けれど、言いたいことは言えた気がします。
視線の先の彼女は笑っていましたから。
「それって……わたしも入ってます?」
「もちろん」
「……あは! ありがとうございます! ちょっと解決しました!」
「そうですか、それはよかった」
彼女はトレードマークとなったポニーテールを揺らしながら少し前を行く。
変わらないものはありません。ですが、全てが変わってしまうという事はないわけで。
私が白銀になっても、福家拓司であるように。
結さんも変わっていくでしょう。

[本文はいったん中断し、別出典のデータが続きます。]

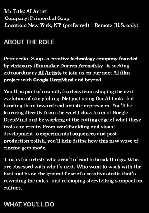 One of the most legendary filmmakers of our time just launched a new AI startup, and the only role they're hiring for is "AI artists who aren’t afraid to break things." You love to see it

けれど、やはり、結さんであることは変わらない。
そう、彼女だって変わったんですから、自由に笑えるように、彼女も。
くるりと振り返った結さんの笑顔は、無邪気で、けれど、どこか妖しげで。
「いやあ、流石! 福家さん! 福家さんは、私の大好きなご老公様です」
「え?」
「あー、ドキっとしましたあ?」
こんな風に、元気でお茶目で、
「ドキッとしちゃいました」
「……! そ、そ、そーですかー! やややったー!」
純粋で、眩しくて、
おうちまで送り届けてお別れした後もずっとずっと手を振ってくれて。
あんな笑顔を見れば、また、何かあれば助けてあげたいご老公様だってそう思うだろうな。
頭の中であのメロディーが流れます。
楽も苦もありますが、彼女の人生がより多くの楽しそうな笑顔で溢れますように、と。
そう願いながら夜道をまた歩き始めたのでした。